Summary

Disociación Celular Del Epitelio De La Lengua Y El Meténquima / Tejido Conectivo De Los Ratones Embrionarios-Día 12.5 Y 8-Semana-Viejo

Published: January 21, 2021
doi:

Summary

Hemos desarrollado un protocolo generalizado para disociar una gran cantidad de células individuales de alta calidad del epitelio y el meténquima / tejido conectivo de lenguas de ratón embrionarias y adultas.

Abstract

La disociación celular ha sido un procedimiento esencial para los estudios a nivel de células individuales y/o a nivel de población celular (por ejemplo, secuenciación de ARN unicelular y cultivo celular primario). Producir células viables y sanas en grandes cantidades es crítico, y las condiciones óptimas para hacerlo dependen del tejido.
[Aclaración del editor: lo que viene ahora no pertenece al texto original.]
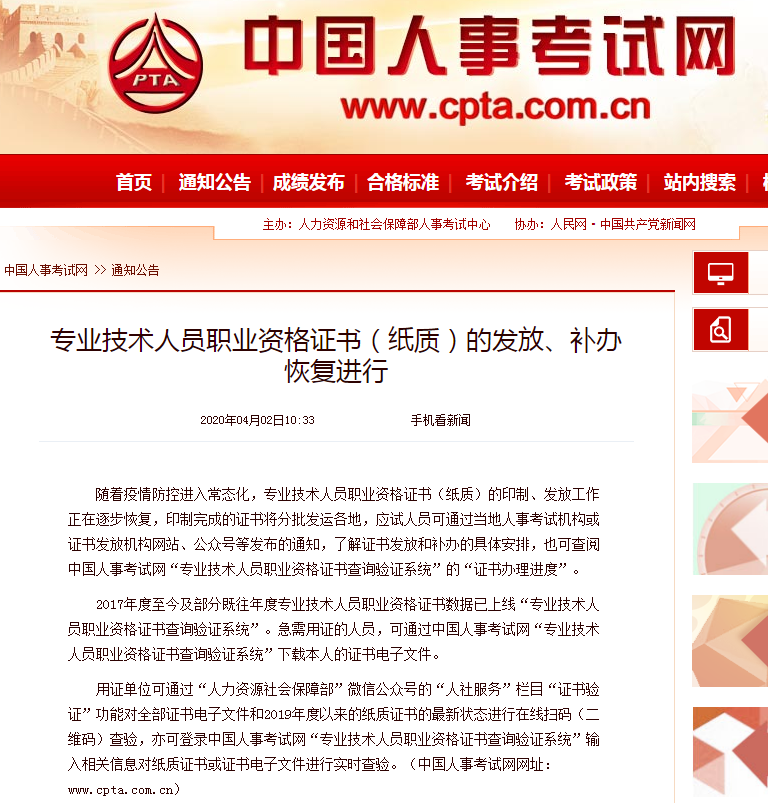 專業(yè)技術(shù)人員職業(yè)資格證書(紙質(zhì))的印制、發(fā)放工作正在逐步恢復(fù)中!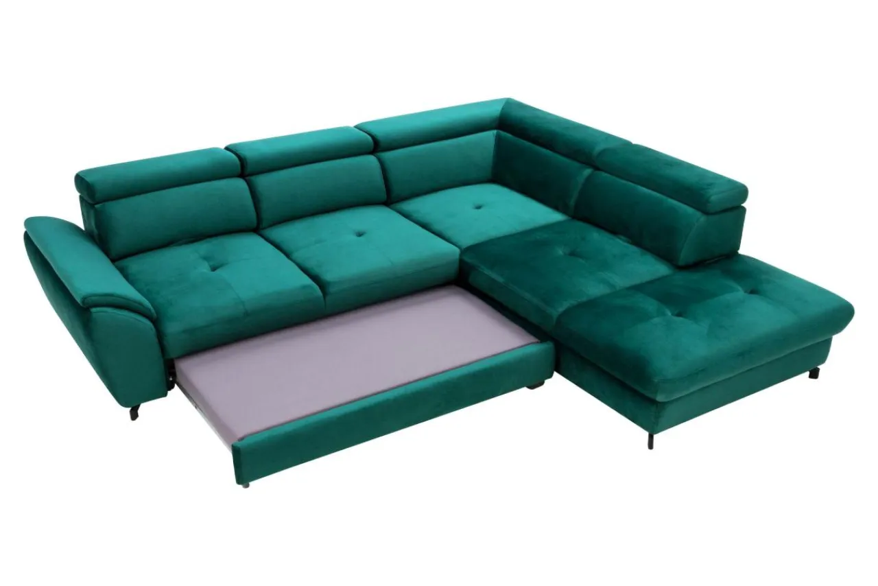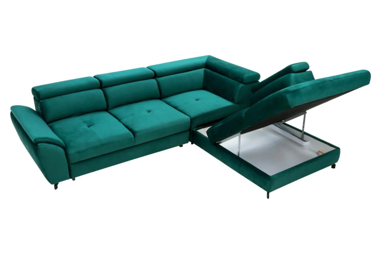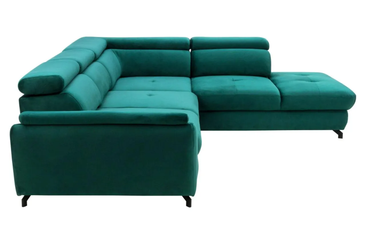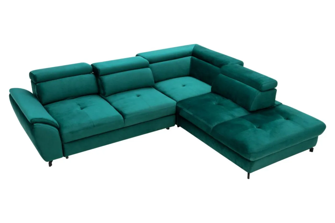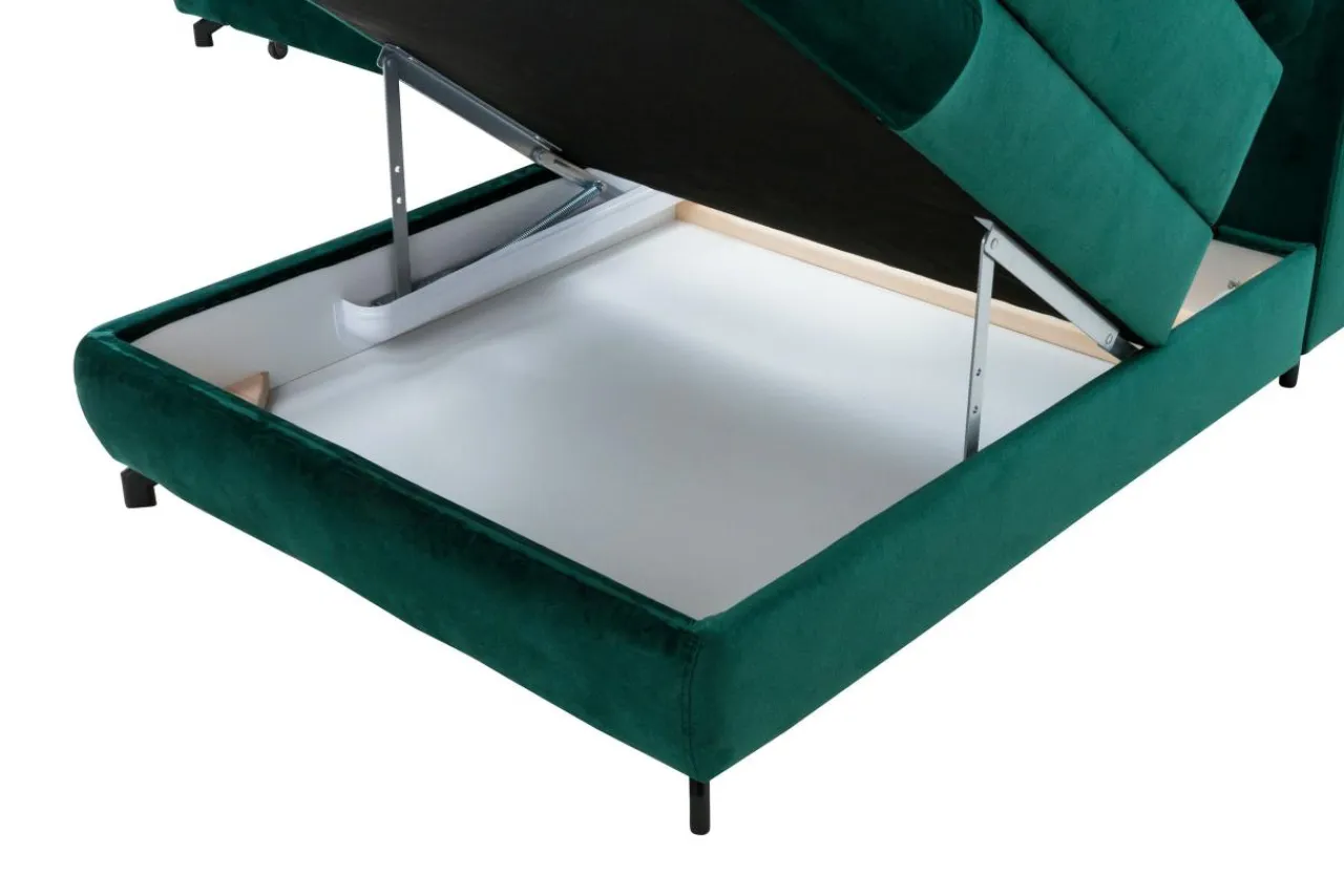 Narożnik ustawiono na eleganckich nóżkach wykonanych z metalu i malowanych na czarno. Świetnie wyglądają na tle szmaragdowego koloru tkaniny. Tkanina MONOLITH to ma wysoki współczynnik odporności na ścieranie, pokryta jest hyrdrofobową powłoką WATER REPELLENT. Zabezpiecza ona tkaninę przed natychmiastowym wsiąkaniem rozlanych płynów do jej wnętrza dając nam więcej czasu na odsączenie plamy.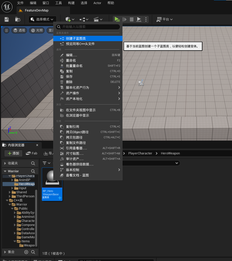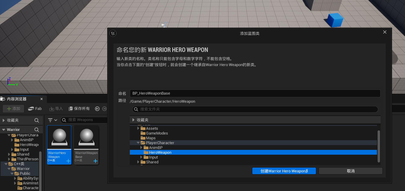 本文介绍了在Unreal Engine中创建武器基类的过程。首先建立C++类WarriorWeaponBase继承自AActor,并在构造函数中禁用Tick。然后扩展基类功能,添加静态网格体(WeaponMesh)作为根组件和碰撞盒(WeaponCollisionBox),设置碰撞盒尺寸为20单位并初始禁用碰撞。最后通过蓝图继承该基类,设置网格体和调整碰撞箱大小完成武器创建。整个实现展示了UE中从C++基类到蓝图子类的武器系统开发流程。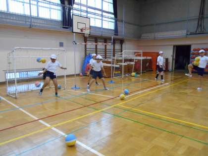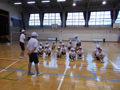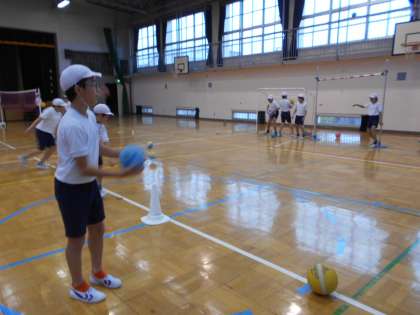 インドアスポーツクラブは、体育館で行う球技やバトミントンなどの種目を楽しむクラブです。縦割り班でチームを組み、互いに技術の向上のために教え合って活動しています。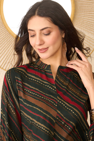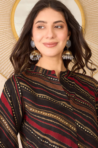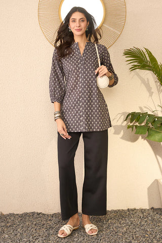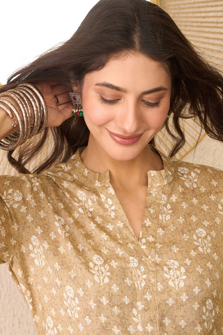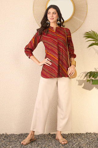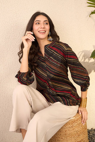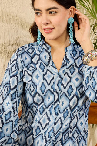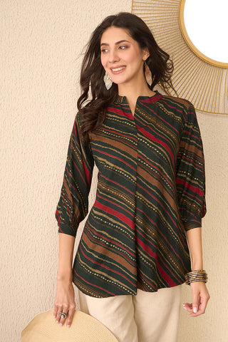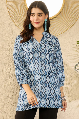 Brown and Blue Cotton Printed Sleeveless Crop Top
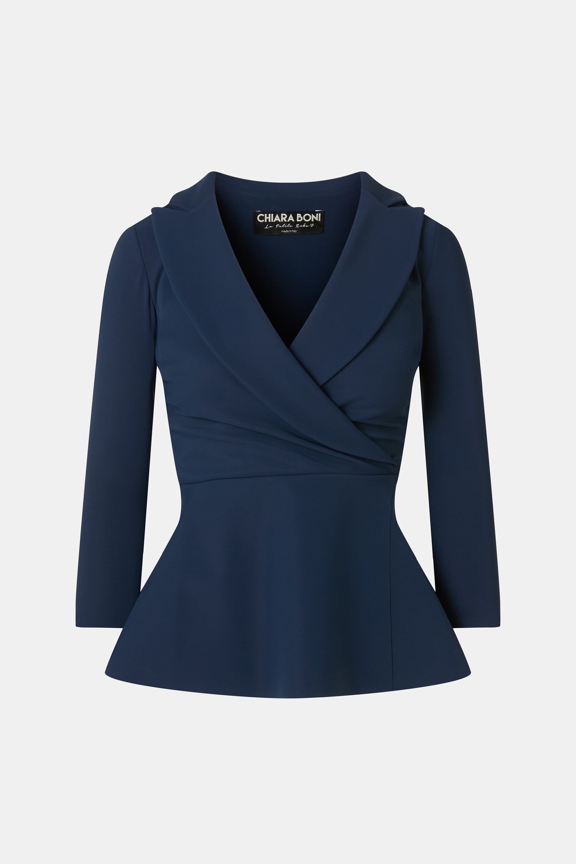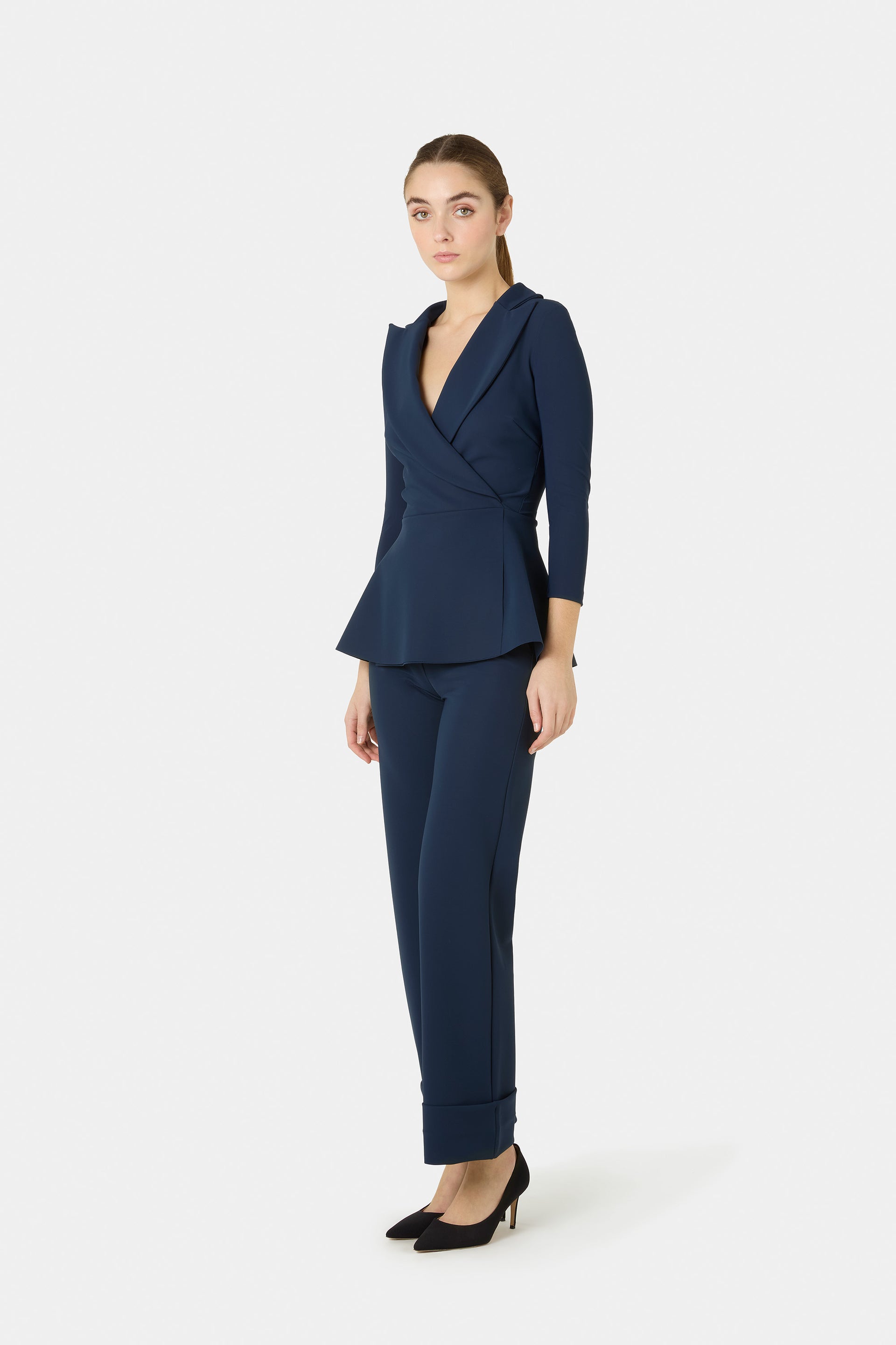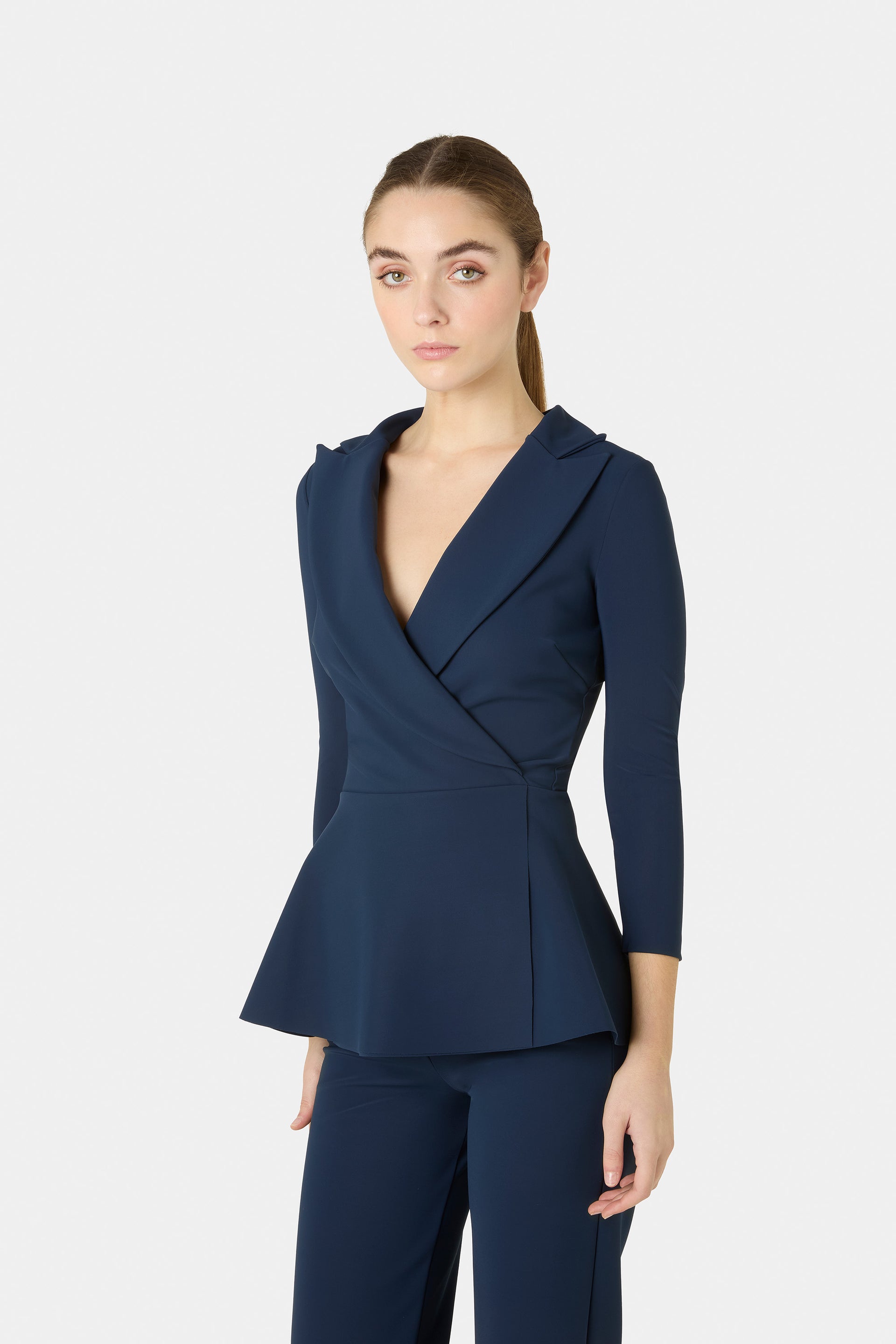 The classic lapels of a smoking jacket enhance the Dominy top. Ideal to wear over tone-on-tone skinny or flared pants for a CHIARA BONI-style jumpsuit effect.

Las poblaciones celulares en el epitelio de la lengua y el tejido conectivo/meténquima subyacente son heterogéneos y las estructuras tisulares varían en diferentes regiones y en diferentes etapas de desarrollo. Hemos probado protocolos para aislar las células del epitelio de la lengua del ratón y del tejido del mesenchyme/conectivo en las etapas tempranas del desarrollo [día embrionario 12.5 (E12.5)] y del adulto joven (8 semanas). Una separación limpia entre el epitelio y el mesenchyme/el tejido conectivo subyacente era fácil de lograr. Sin embargo, para procesar y aislar aún más las células, el rendimiento de células sanas viables en grandes cantidades, y la selección cuidadosa de tampón de digestión enzimática, tiempo de incubación, y la velocidad y el tiempo de centrifugación son críticos. La incubación del epitelio separado o del tejido conectivo/del mesenchyme subyacente en el 0,25% Tripsina-EDTA durante 30 minutos en el °C 37, seguido por la centrifugación en 200 x g por 8 minutos dio lugar a un alto rendimiento de células en una alta tarifa de viabilidad (>90%) independientemente de las etapas del ratón y las regiones de la lengua. Por otra parte, encontramos que las células epiteliales y mesenquimales/conectivas disociadas del tejido de lengüetas embrionarias y adultas podrían sobrevivir en el medio cultivo-basado celular por lo menos 3 h sin una disminución significativa de la viabilidad de la célula. Los protocolos serán útiles para los estudios que requieren la preparación de células aisladas de lenguas de ratón en etapas de desarrollo temprano (E12.5) y adultos jóvenes (8 semanas) que requieren disociación celular de diferentes compartimentos tisulares.

Introduction

La lengua de los mamíferos es un órgano complejo crítico para el gusto, el habla y el procesamiento de alimentos. Se compone de múltiples tipos de tejidos altamente organizados compartimentados por el meténquima / tejido conectivo y cubiertos por una hoja epitelial estratificada que contiene papilas gustativas y papilas gustativas. Las poblaciones celulares tanto en el epitelio de la lengua como en el meténquima/tejido conectivo son heterogéneas. Para comprender mejor las funciones y la distribución de un tipo particular de células en la lengua, son necesarios estudios con células disociadas. Por ejemplo, la secuenciación de ARN unicelular es un método potente y de alto rendimiento para el perfilado transcriptómico en células individuales, que está diseñado para comprender el transcriptoma de tejidos complejos a una resolución unicelular1,2,3,4. El cultivo celular primario ha demostrado ser una herramienta útil para estudiar la función y diferenciación de las células madre/progenitoras para las papilas gustativas5,6. Estos estudios requieren una gran cantidad de poblaciones celulares aisladas de alta calidad (por ejemplo, suficiente número total de células con concentración adecuada y alta viabilidad).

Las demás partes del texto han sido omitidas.